Take out the -ts 24,12 as for some reason that seems to mess up tensor overrides. Then you manually place more layers on the bigger CUDA similar to how you're doing there.

Start off small and make sure it is all loading, then slowly increase layers on CUDA0 until it OOMs. Then back off by one. Repeat for CUDA1. Some experimentation like that should get you going once you remove -ts.

I probably have to update my documentation to reflect this as I only realized it recently. Let me know if that works!

Thank you ubergarm.
i remove -ts and edit -ot.
It works fine with multi GPU.
my cuda capacity is limited.
CUDA0=24GB, CUDA1=12GB
Which tensors are important to ot in order to improve the LLM performance ?

LD_PRELOAD=/home/mycat7/amd-blis/lib/ILP64/libaocl-libmem.so ./llama-server
--model /home/mycat7/LLM/DeepSeek-R1-0528-GGUF/IQ3_K_R4/DeepSeek-R1-0528-IQ3_K_R4-00001-of-00007.gguf
--alias ubergarm/DeepSeek-R1-0528-IQ3_K_R4
--ctx-size 32768
-ctk q8_0
-mla 3 -fa
-amb 512
-fmoe
--n-gpu-layers 63
-ot "blk.(3|4).ffn_norm*=CUDA0"
-ot "blk.(3|4).exp_probs_b*=CUDA0"
-ot "blk.(3|4).ffn_down_shexp*=CUDA0"
-ot "blk.(3|4).attn_.=CUDA0"
-ot "blk.(5).ffn_norm.
=CUDA1"
--override-tensor exps=CPU
--parallel 1
--threads 16
--host 127.0.0.1
--port 8080

Owner

I have no idea why you are splitting up the tensors of a given layer across devices? Remember it takes time to transfer data across PCIe bus if you have to send it from CUDA0 to CUDA1 or to CPU etc so avoid that by keeping layers together as much as possible. I've never given shown commands like yours before so not sure where you got this idea, perhaps you asked your ai?

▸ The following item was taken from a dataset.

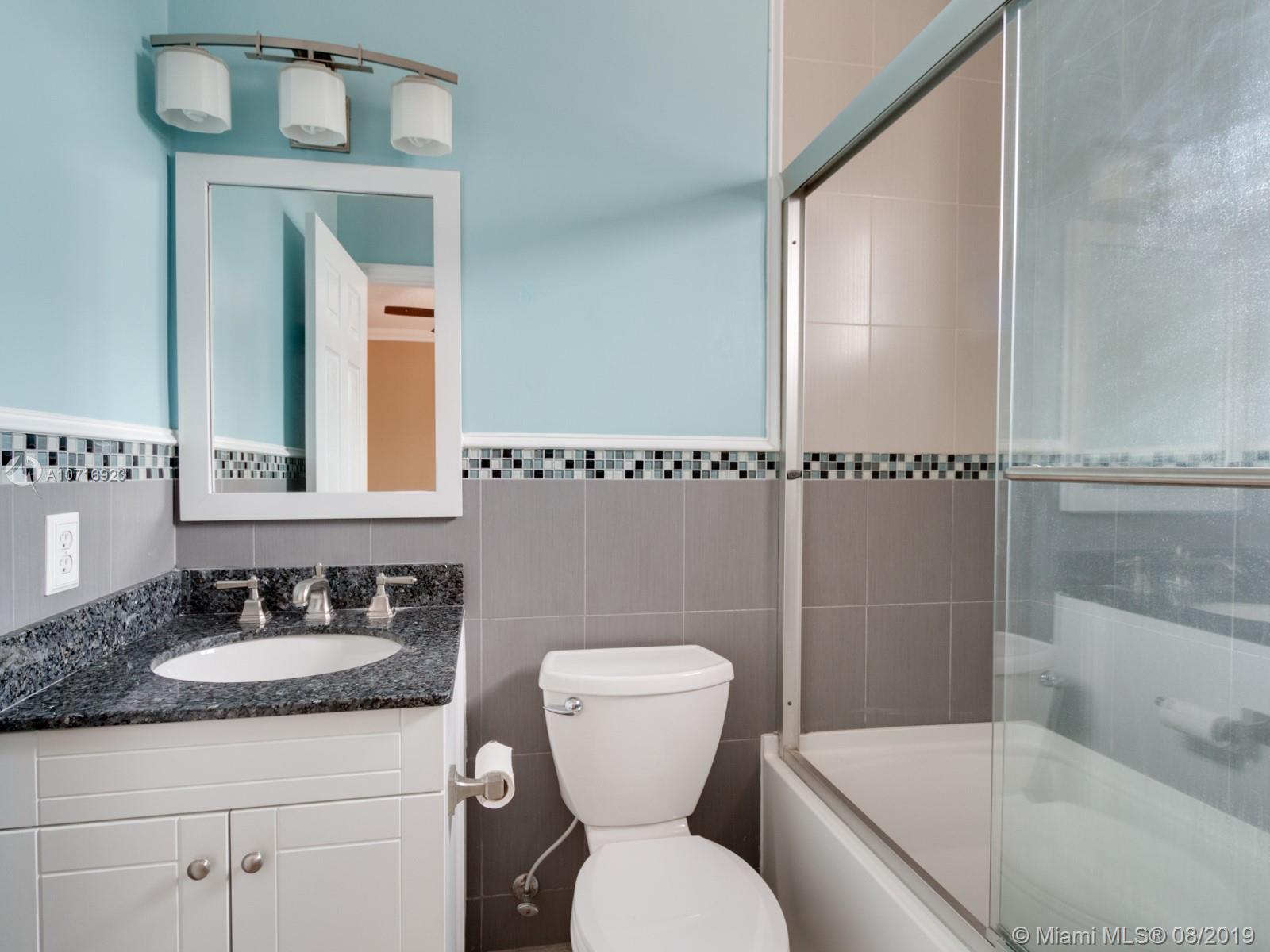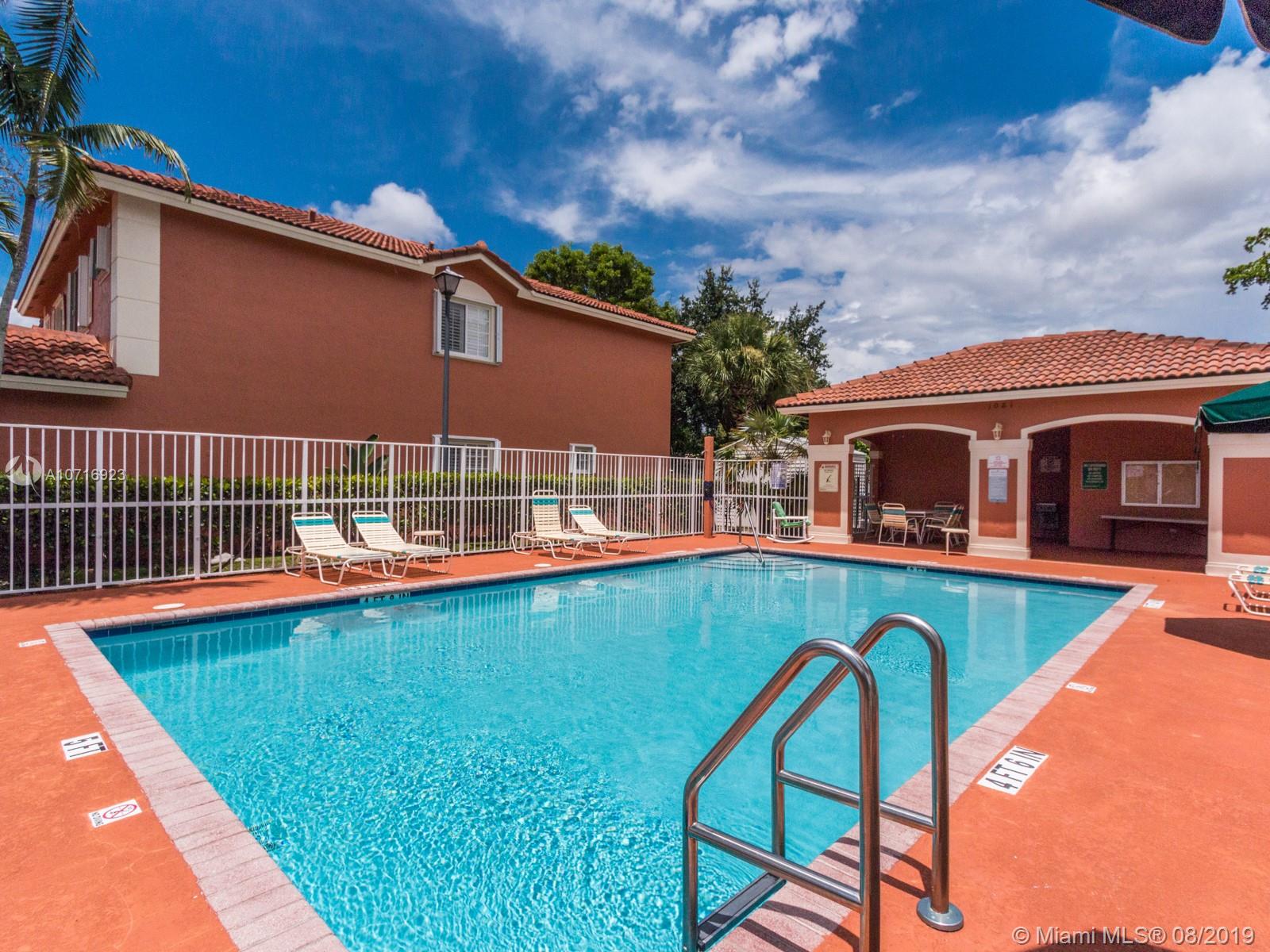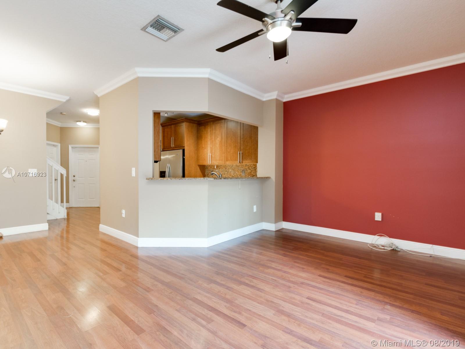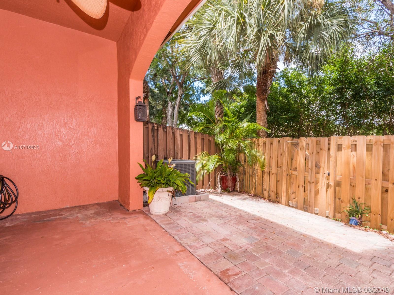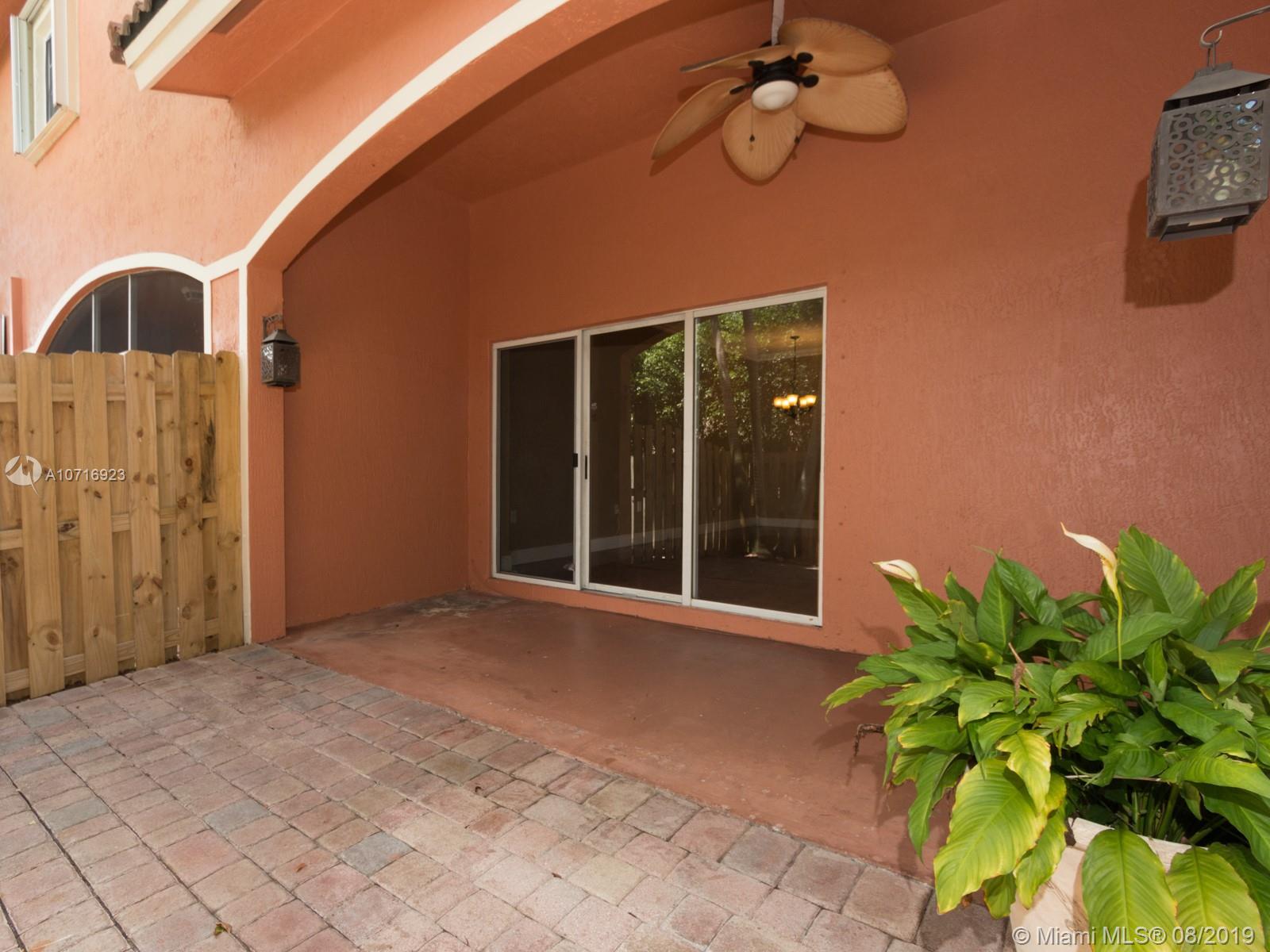 Beautifully updated 2.0 bedroom/2.5 bathroom/1.0 car garage town-home. Master suite with 2 walk in closets ,double sinks and shower. Second bedroom is an en-suite with a combination shower/tub. Both bedrooms located on the second level. Dark laminated wood flooring throughout. Updated kitchen with granite counters and stainless steel appliance package. Updated bathrooms. Additional storage space. Crown moldings and upgraded baseboards. New light fixtures. Private patio area with fenced yard. Fresh exterior paint, newer fences. Owned alarm system, hurricane panels. Community pool and play ground. Central location with easy access to schools, shops, restaurants, medical facilities, parks, major roads and highway. Low HOA. Move-in-ready. Must see..

Anyway, keep it simple and only put full layers on a given device until you OOM then back off by one e.g. assuming CUDA0=24GB, CUDA1=12GB

-ngl 99 \
-ot "blk\.(3|4)\.ffn_.*=CUDA0" \
-ot "blk\.(5)\.ffn_.*=CUDA1" \
-ot exps=CPU \

You can probably use -amb 256 to get a little more free VRAM.

You might be able to add one more layer to each CUDA device but probably not. If my recommendations work you might be able to increase e.g. (3|4|5) and then (6|7) but probably will OOM on this larger model.

Also, if you want faster speed I'd recommend offloading one less layer and try to use -ub 2048 -b 2048 which takes up more VRAM for larger batch size but can get you 2-3x faster Prompt Processing. I can get over 200 tok/sec and others frequently report over 150 tok/sec.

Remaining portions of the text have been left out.